YOUR GOAL:
From the first line of the data below through the line holding "Don’t miss I", output each line exactly and leave the pictures out.

---*---

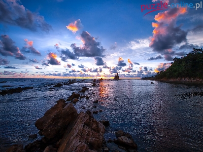 Skały, Indonezja, Chmury, Morze, Wyspa Jawa, Zachód słońca
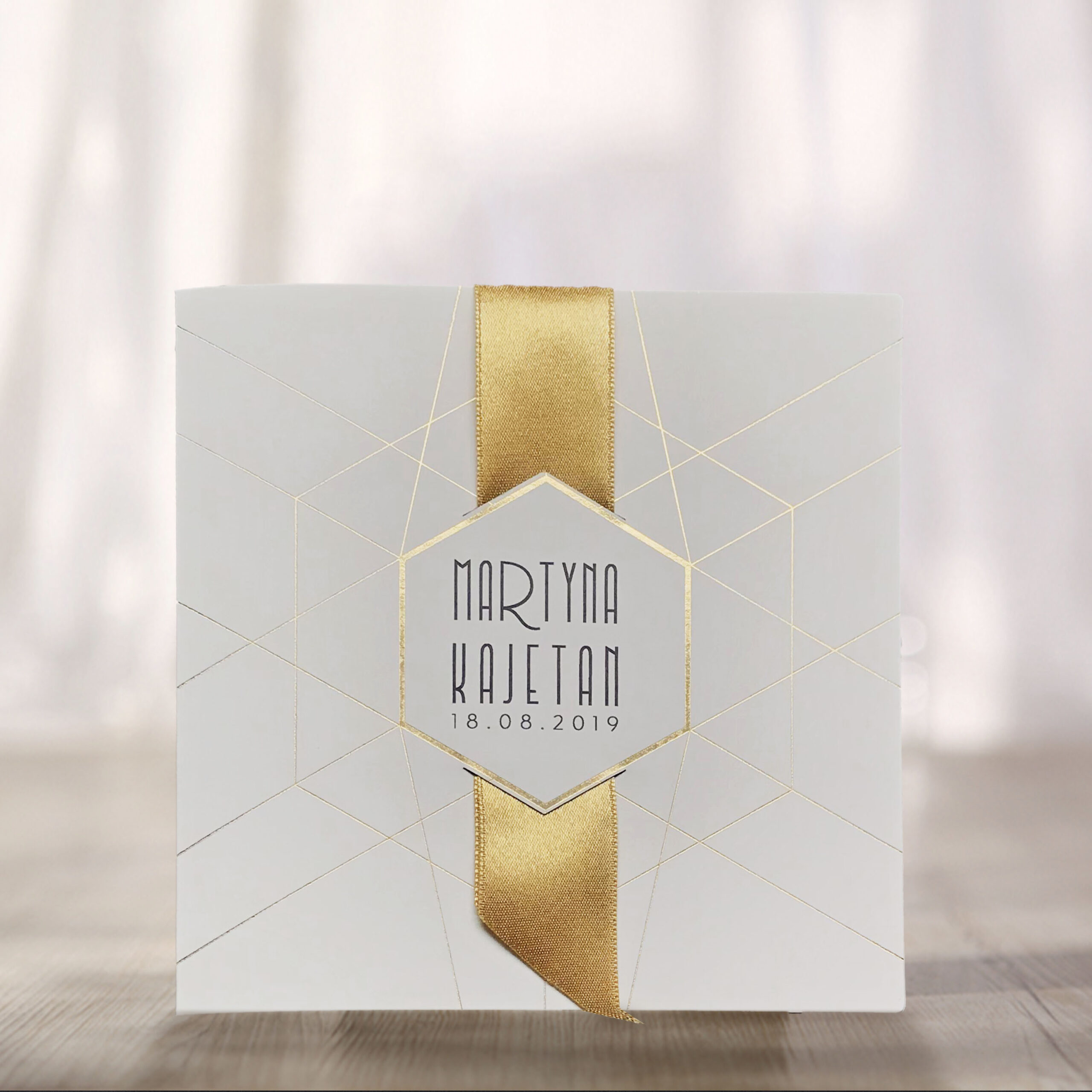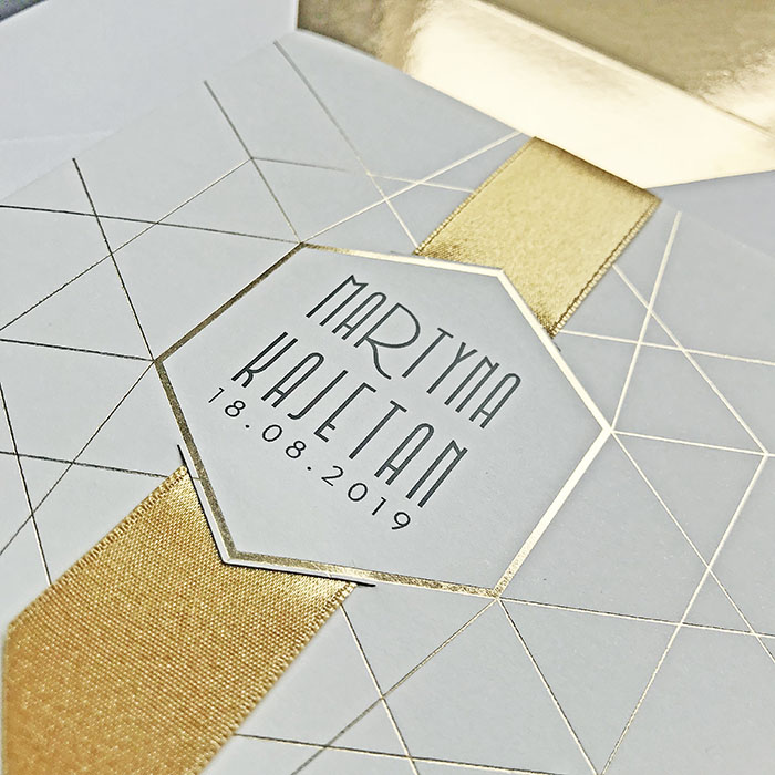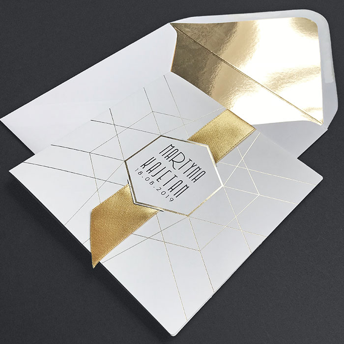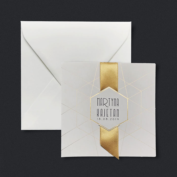 Zaproszenie z matowego ozdobnego papieru w kolorze ecru z subtelnym geometrycznym złoceniem. W centralnej części miejsce do nadruku imion Młodej Pary oraz daty ślubu. Zaproszenie przewiązane szeroką satynową wstążką w kolorze złotym. Środek zaproszenia z wysokiej jakości metalizowanego papieru w kolorze starego złota. Ozdobna koperta ze złotą wkładką tworzy elegancki komplet. Zaproszenie wysyłamy w formie gotowej do wręczenia. Zaproszenie wykonane z ogromną starannością i dbałością o detale. Precyzyjny nadruk, dokładność wykonania oraz wysokiej jakości papier.
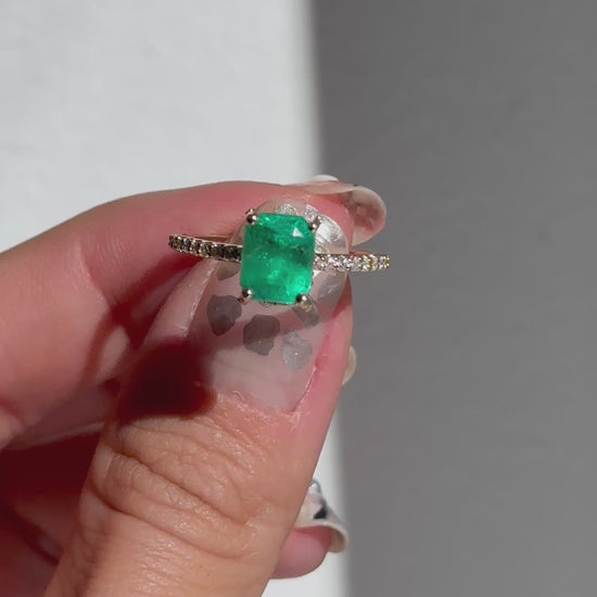 14KT Yellow Gold Colombian Emerald-Cut Emerald + Diamond Hidden Halo Ring
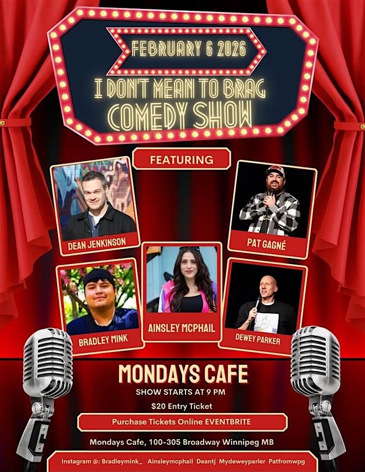 Don’t miss I Don’t Mean to Brag, a live stand-up comedy night happening Friday, February 6 at 9:00 PM in a more intimate, cozy setting at Mondays Café. Same show, same lineup — just a new venue.
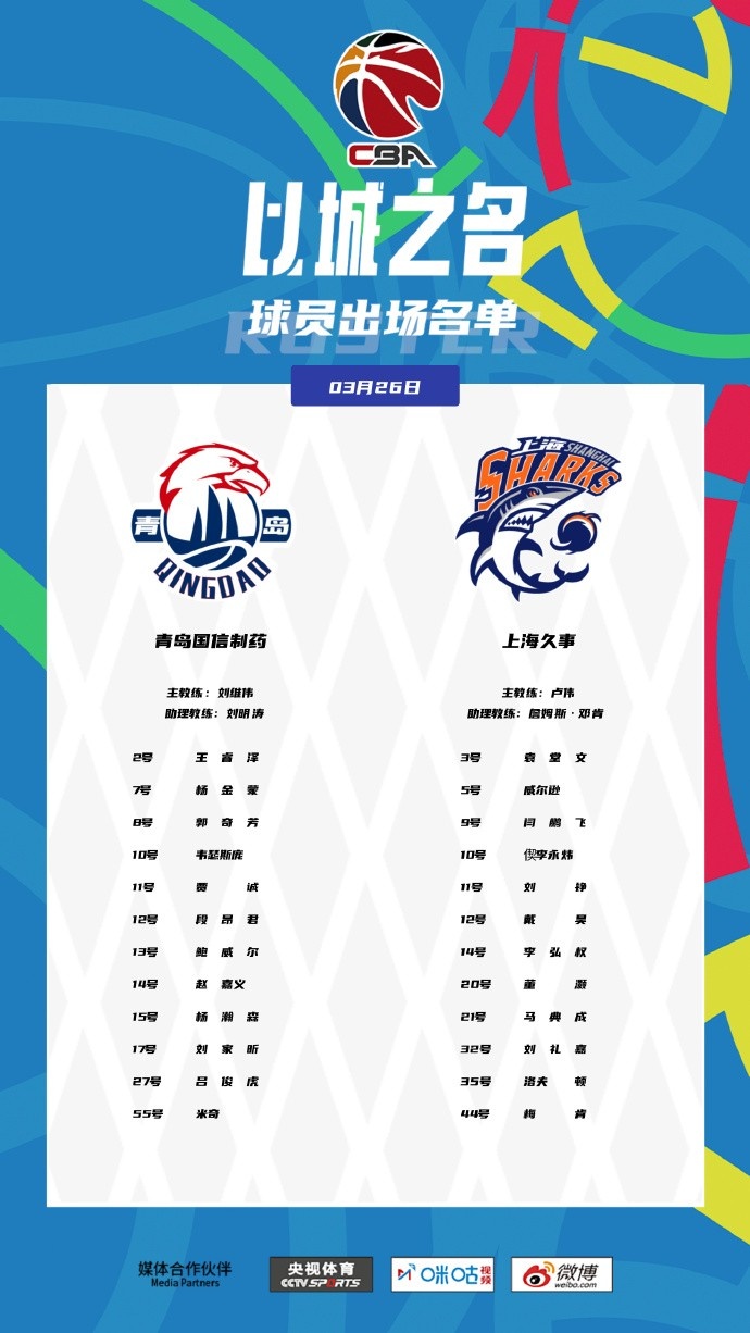 3月26日訊 今晚7點35分,青島男籃將在主場迎戰上海男籃。上海隊記者薛思佳在社媒上曬出了兩隊今天的大名單,具體如下:青島:王睿澤、楊金蒙、郭奇芳、韋瑟斯龐、賈誠、段昂君、鮑威爾、趙嘉義、楊瀚森、劉家昕、呂俊虎、米奇。上海:袁堂文、威爾遜、閆鵬飛、偰李永煒、劉錚、戴昊、李弘權、董灝、馬典成、劉禮嘉、洛夫頓、梅肯。 本文標簽: 籃球 CBA 中國籃球 青島 上海 楊瀚森
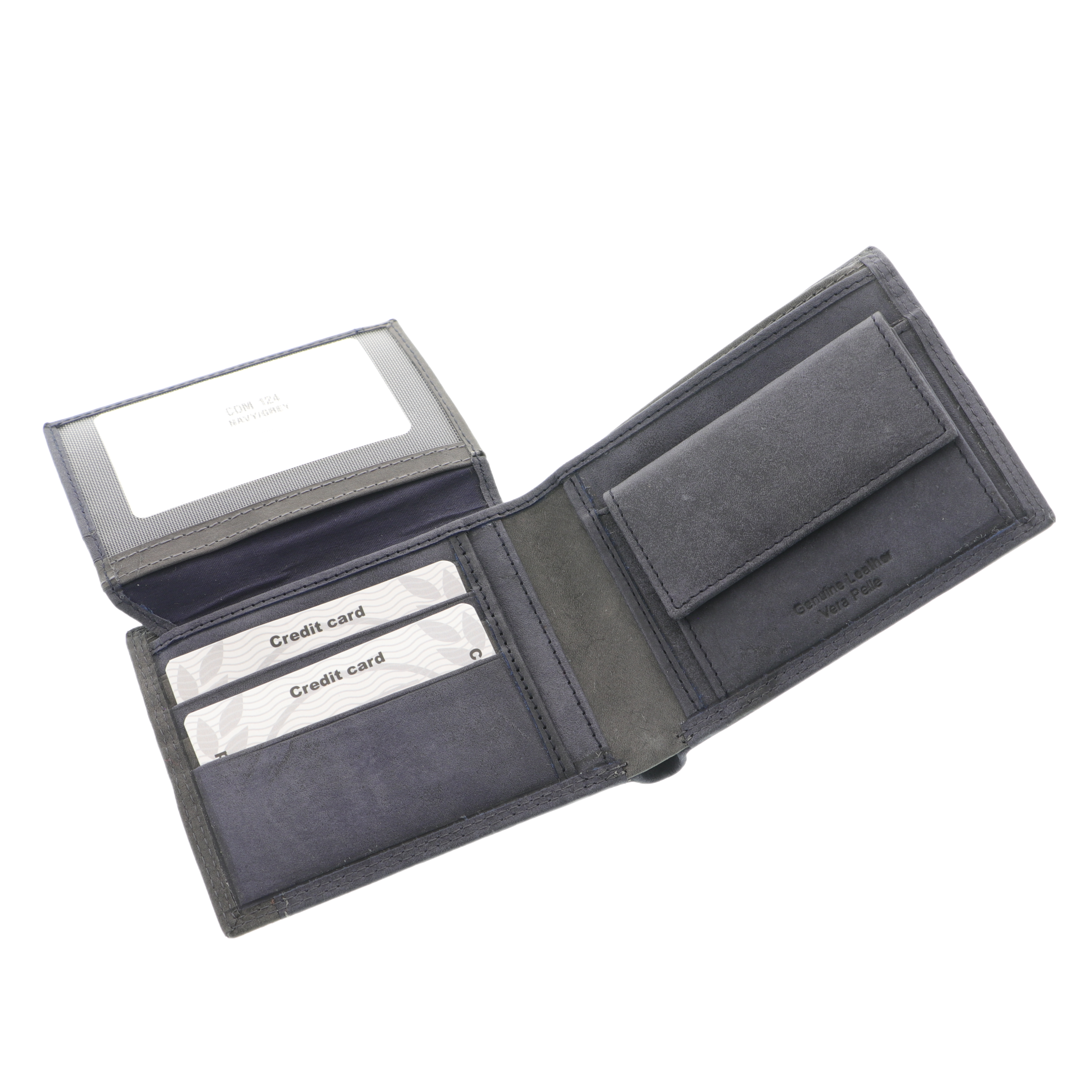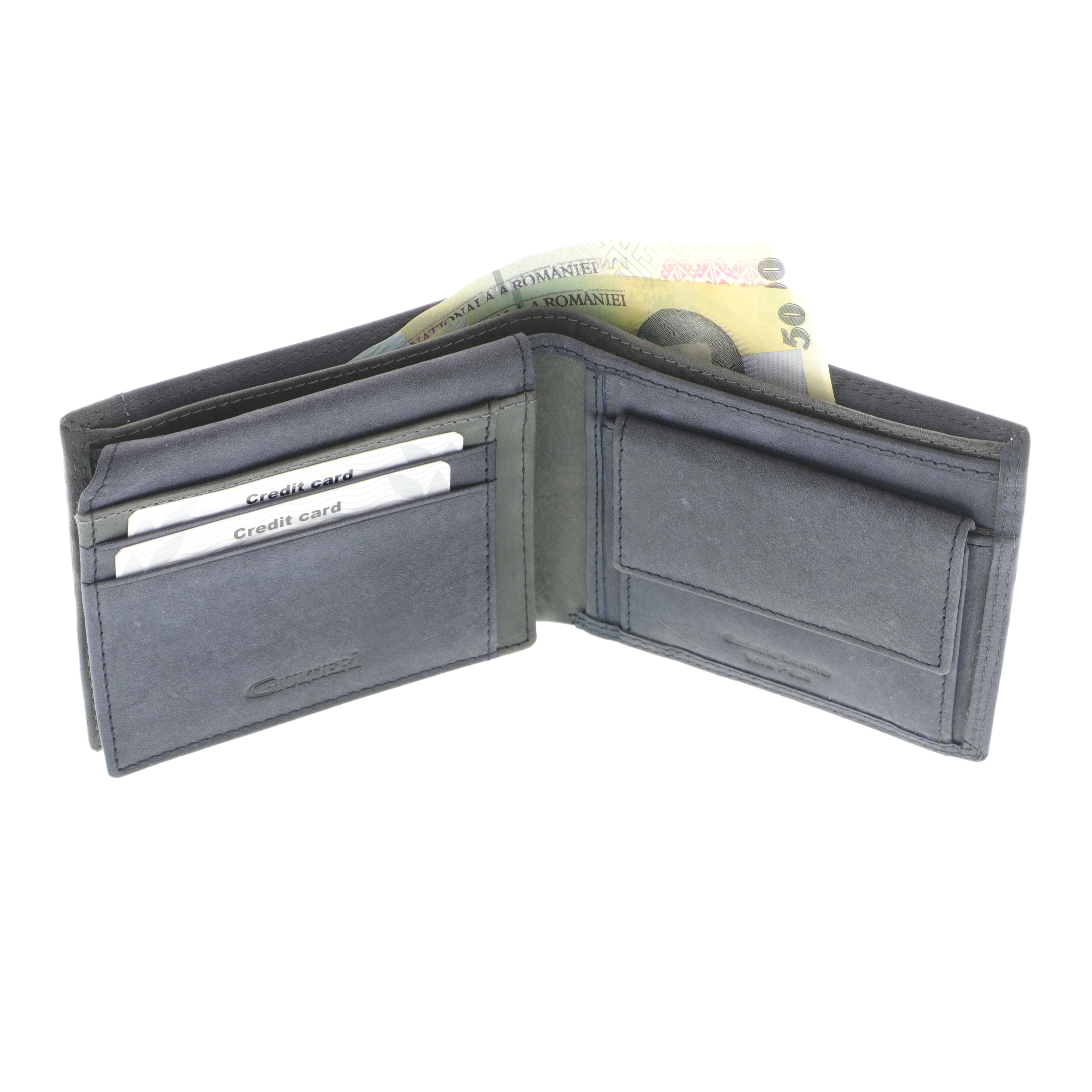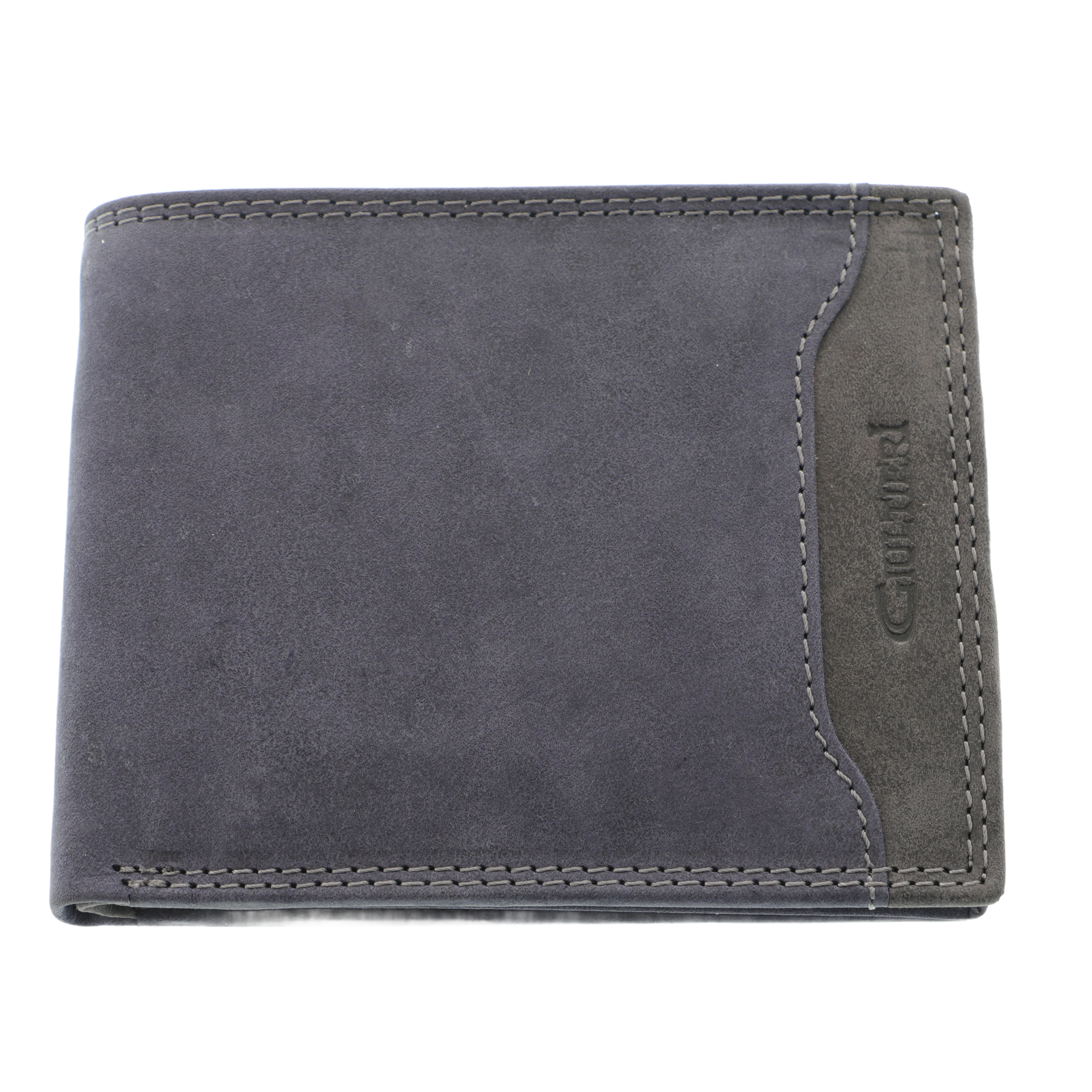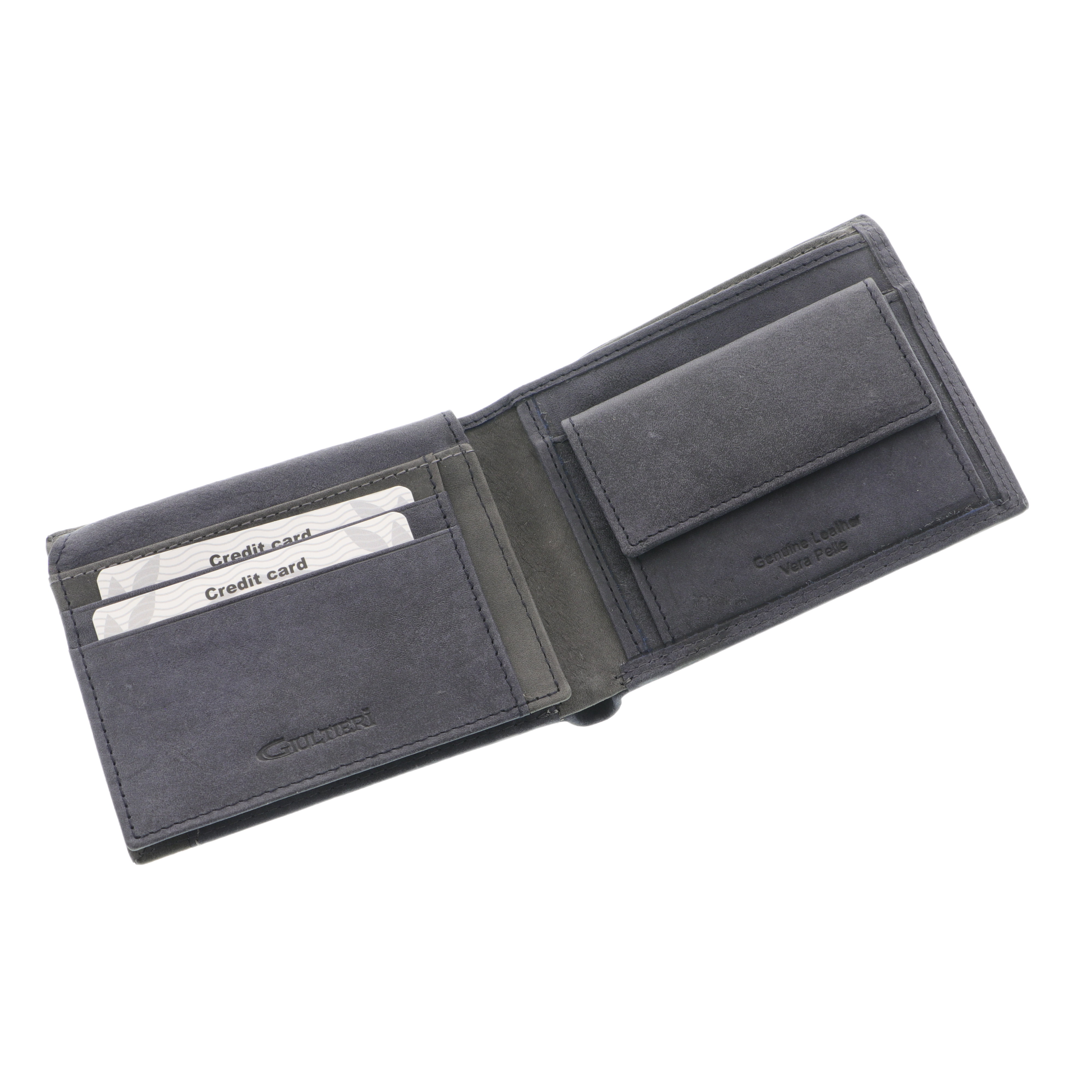 Portofelul Giultieri din piele naturală albastru cu gri, cu dimensiuni de 10 cm înălțime și 12 cm lățime, este realizat manual din piele de calitate superioară, în două nuanțe moderne. Cusăturile de întărire, în albastru închis, oferă durabilitate și un aspect rafinat.

---*---

OUTPUT FOR THIS EXERCISE:
 Skały, Indonezja, Chmury, Morze, Wyspa Jawa, Zachód słońca
 Zaproszenie z matowego ozdobnego papieru w kolorze ecru z subtelnym geometrycznym złoceniem. W centralnej części miejsce do nadruku imion Młodej Pary oraz daty ślubu. Zaproszenie przewiązane szeroką satynową wstążką w kolorze złotym. Środek zaproszenia z wysokiej jakości metalizowanego papieru w kolorze starego złota. Ozdobna koperta ze złotą wkładką tworzy elegancki komplet. Zaproszenie wysyłamy w formie gotowej do wręczenia. Zaproszenie wykonane z ogromną starannością i dbałością o detale. Precyzyjny nadruk, dokładność wykonania oraz wysokiej jakości papier.
 14KT Yellow Gold Colombian Emerald-Cut Emerald + Diamond Hidden Halo Ring
 Don’t miss I Don’t Mean to Brag, a live stand-up comedy night happening Friday, February 6 at 9:00 PM in a more intimate, cozy setting at Mondays Café. Same show, same lineup — just a new venue.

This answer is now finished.